24. Моноклональное антитело по п. 23, где эпитоп дополнительно содержит одну или несколько аминокислотных последовательностей, выбранных из группы, состоящей из SEQ ID NO: 147, 148, 152, 154 и 159.

25. Моноклональное антитело по п. 23, где эпитоп дополнительно содержит аминокислотные последовательности SEQ ID NO: 147 и 152.

26. Выделенное моноклональное антитело по п. 1, специфически связывающееся с CD26 человека с K_D приблизительно 5,02⋅e^-9 M.

27. Способ производства антитела по любому из пп. 1-13 и 21-26, включающий следующие стадии:

(i) получение клетки-хозяина по п. 20 или гибридомной клеточной линии, депонированной в CBA-ICLC Генуи (Италия) как PD 12002;

(ii) культивирование клетки-хозяина по п. 20 в среде для культивирования; и

(iii) получение антитела из среды;

(iv) необязательно, очистка антитела с помощью эксклюзионной хроматографии, аффинной хроматографии, ионообменной хроматографии, фильтрации и/или нанофильтрации.

28. Фармацевтическая композиция для стимуляции приживления трансплантата после трансплантации гемопоэтических стволовых клеток, и/или для профилактики и/или лечения реакции "трансплантат против хозяина" (GvHD), предпочтительно после трансплантации гемопоэтических стволовых клеток, и/или для профилактики и/или лечения апластической анемии, предпочтительно тяжелой апластической анемии, содержащая эффективное количество по меньшей мере одного антитела по любому из пп. 1-13 и 21-26 и по меньшей мере один фармацевтически приемлемый эксципиент.

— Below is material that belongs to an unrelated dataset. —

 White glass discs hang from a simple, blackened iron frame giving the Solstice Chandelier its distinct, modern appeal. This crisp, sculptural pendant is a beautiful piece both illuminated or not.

29. Применение фармацевтической композиции по п. 28 в качестве лекарственного средства для стимуляции приживления трансплантата после трансплантации гемопоэтических стволовых клеток, и/или

для профилактики и/или лечения реакции "трансплантат против хозяина" (GvHD), предпочтительно после трансплантации гемопоэтических стволовых клеток, и/или

для профилактики и/или лечения апластической анемии, предпочтительно тяжелой апластической анемии.

30. Применение антитела по любому из пп. 1-13 и 21-26 в качестве лекарственного средства для стимуляции приживления трансплантата после трансплантации гемопоэтических стволовых клеток, и/или

для профилактики и/или лечения реакции "трансплантат против хозяина" (GvHD), предпочтительно после трансплантации гемопоэтических стволовых клеток, и/или

для профилактики и/или лечения апластической анемии, предпочтительно тяжелой апластической анемии.

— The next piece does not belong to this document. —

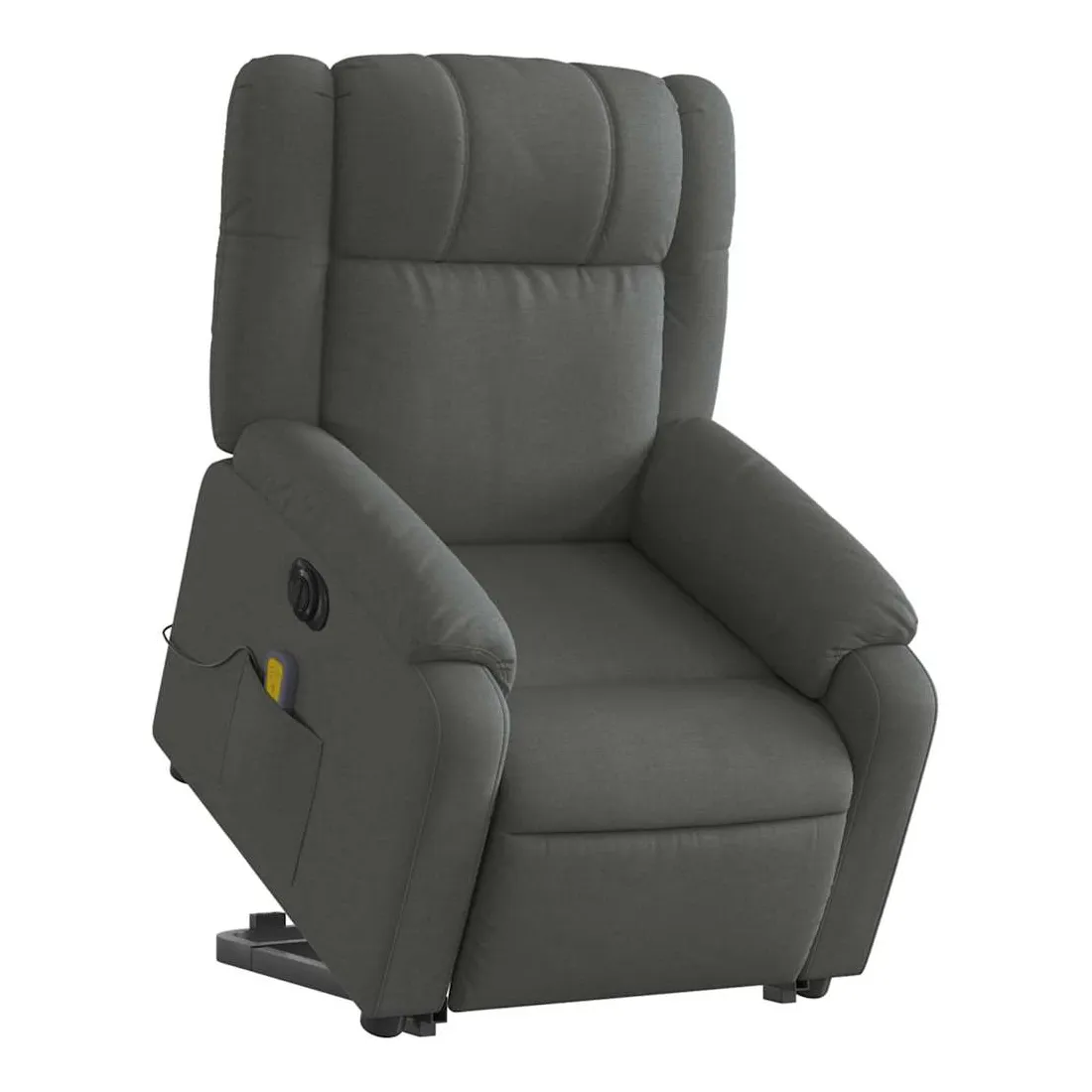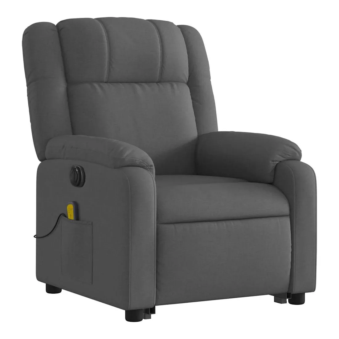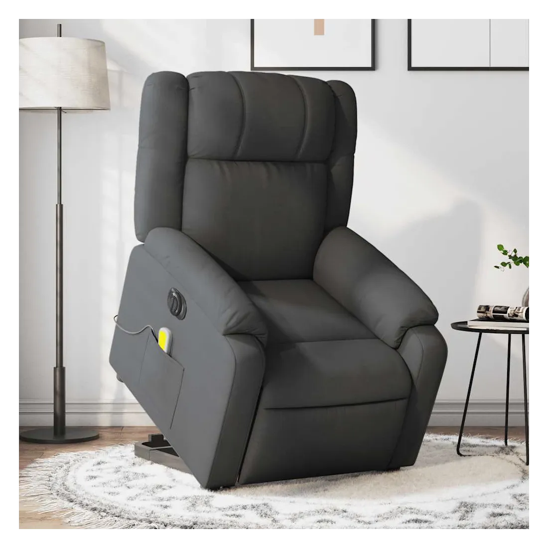 Asseyez-vous et détendez-vous dans ce fauteuil inclinable de massage électrique très confortable ! Fonction de levage électrique : ce fauteuil inclinable pour personnes âgées est équipé d'un moteur électrique pour la fonction de levage. Grâce à la fonction qui pousse toute la chaise vers le haut, vous pouvez facilement vous tenir debout sans stresser votre dos et vos genoux en appuyant simplement sur le bouton.Fonction d'inclinaison électrique : ce fauteuil inclinable est également équipé d'un moteur électrique qui permet de régler automatiquement le repose-pied et le dossier dans n'importe quelle position, selon votre confort, en appuyant simplement sur le bouton situé sur le côté du fauteuil. Cette fonction permet une inclinaison maximale de 135 degrés. En outre, le dossier peut revenir automatiquement à sa position d'origine par une simple pression sur le bouton.Fonction de vibration : les 6 points de massage vous permettent de faire l'expérience d'un massage mieux ciblé. De plus, la télécommande incluse vous permet de choisir différents programmes de massage. La fonction de massage est alimentée par le connecteur USB qui nécessite une source d'alimentation USB certifiée de 5 V (non fournie).Expérience d'assise confortable : le siège, le dossier et les larges accoudoirs bien rembourrés recouverts de tissu procurent une sensation confortable et chaleureuse, vous permettant de vous sentir enveloppé lorsque vous êtes assis. Le tissu présente un aspect simple et épuré et est respirant et durable.Poche latérale pratique : ce fauteuil est doté d'une poche latérale pour ranger votre télécommande ou garder vos objets essentiels à portée de main.Cadre solide et stable : le cadre en bois et en métal offre une structure solide et une grande stabilité. Ce fauteuil inclinable est confortable et durable.

31. Набор для стимуляции приживления трансплантата после трансплантации гемопоэтических стволовых клеток, и/или для профилактики и/или лечения реакции "трансплантат против хозяина" (GvHD), предпочтительно после трансплантации гемопоэтических стволовых клеток, и/или для профилактики и/или лечения апластической анемии, предпочтительно тяжелой апластической анемии, содержащий:

(i) по меньшей мере одно антитело по любому из пп. 1-13 и 21-26 или композицию по п. 14 или 15, и дополнительно

(ii) a) по меньшей мере одно иммуносупрессирующее лекарственное средство, или

b) по меньшей мере один кортикостероид и по меньшей мере одно антигистаминное средство.